Cette situation est particulièrement injuste et partiale
- D'autant plus que les ordonnances des médecins sont parfois volées et/ou falsifiées comme l'a reconnu un service RPS (2) de CPAM (LYON).
- D'autant que les centres médicaux spécialisés en substitution bénéficient d'un traitement de faveur.
- D'autant que les CPAM et leurs services médicaux ne sont pas inquiétés ni accusés de complicité de trafic alors qu'ils sont parfaitement au courant des consommations par patient, de leur nomadisme médical et pharmaceutique et continuent souvent de les prendre en charge. Je veux sur ce point me référer à une étude de la CPAM de Seine Saint Denis publiée par leur département de communication en 2004 (Traitement de substitution en Seine-Saint-Denis Description et évaluation des pratiques: Résultats), dont je place la première page en document joint. La CPAM rapporte un nomadisme médical dans 45% des cas et pharmaceutique dans 40% des cas ! La CPAM du 93 précise que 3% des patients utilisant ces substances s'adressent auprès de 6 à 10 prescripteurs différents et 1% auprès de 11 à 26 prescripteurs: ces 4% de patients se livrent manifestement à un trafic, la CPAM a les moyens de le savoir, les médecins prescripteurs pas forcément, pourtant ce sont les seuls médecins qui sont poursuivis avec les dealers.

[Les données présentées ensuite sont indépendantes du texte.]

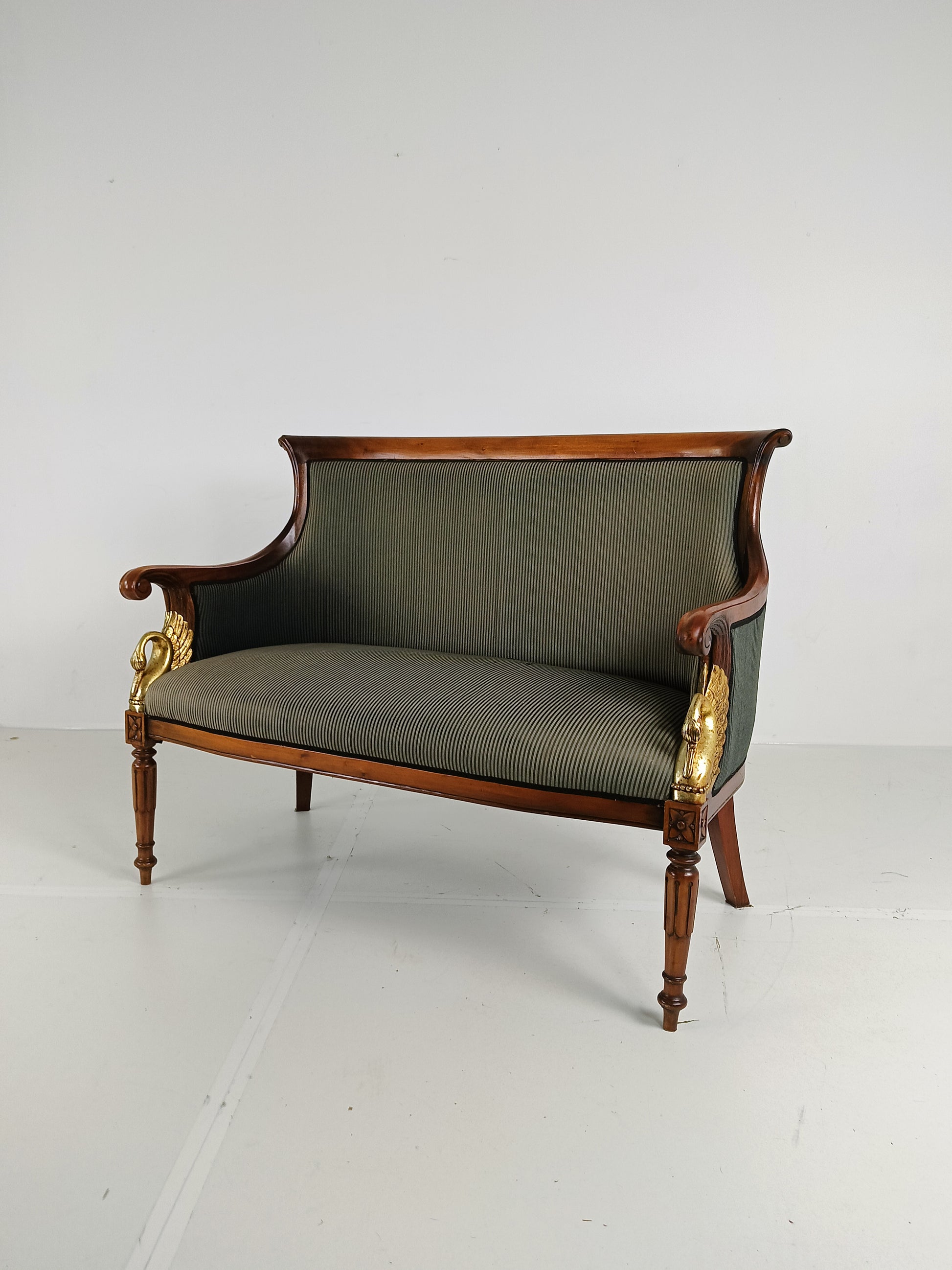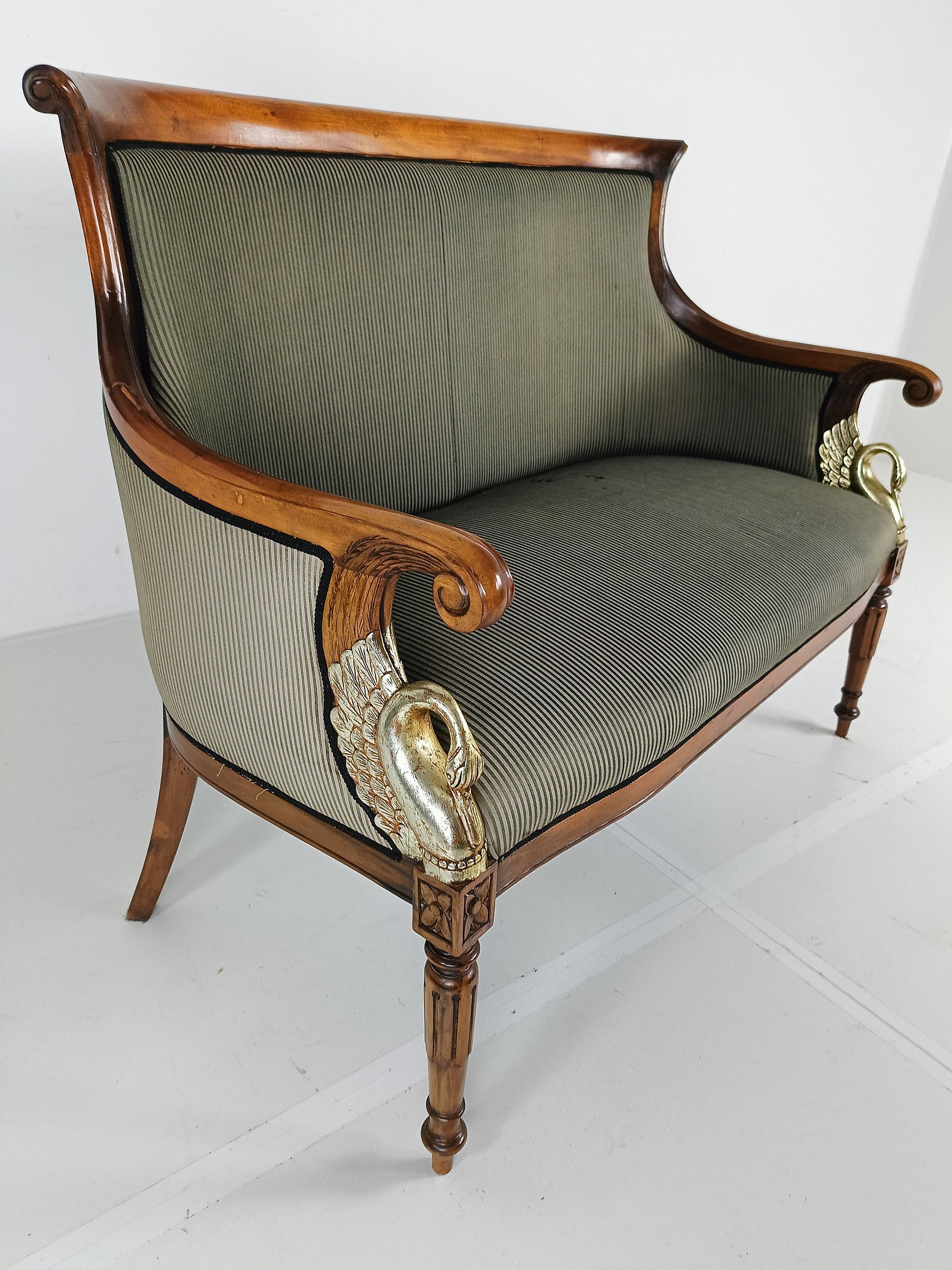 Antique neoclassical carved swan bench in gray finish. Each has a round reed comb rail that continues into carved arm connections of rosette, connecting upright carved swans nail head details. Made around circa 1940

A la façon d'un ex ministre de la santé (qui lui s'en prenait aux chirurgiens dentistes) on pourrait s'écrier « cochons de généralistes » ! Ou bien à la manières des citoyens qui pensent que leurs responsables politiques sont tous « pourris », mais les médecins généralistes acceptant de soigner les toxicomanes vont se faire de plus en plus rare et les centres spécialisés ne vont plus pouvoir assurer le traitement des malades. Les règles imposées en France sont trop rigides comme le plafond de 16 mg de BUPRENORPHINE sans consensus Européen et sachant qu'à ma connaissance il n'y a jamais eu de décès par overdose avec cette molécule. Les associations avec des Benzodiazépines sont interdites, mais comment faire pour sevrer certains patients qui sont de vraies "bombes à retardement" ?
Sur le fond du problème et en marge de la politique de santé publique qui cherche à traiter les phénomènes de toxicomanie, la substitution aux opiacés a permis un diminution spectaculaire de la petite délinquance (vol à l'arracher, col à la roulotte, agression ...) mais a aussi favorisé l'émergence d'une nouvelle délinquance financée par l'assurance maladie en lieu et place des petites gens agressés.
Il y eu certes un grand laxisme à tous les niveaux mais la reprise en main sécuritaire ne doit pas se faire sur les seuls médecins généralistes libéraux et c'est entre autres ce que je suis venu dénoncer ici.
Dr Marcel GARRIGOU-GRANDCHAMP, ESPACE GENERALISTE
(1) HPST: Hôpital, patients, santé, territoire
(2) RPS: Relations avec les Professionnels de Santé.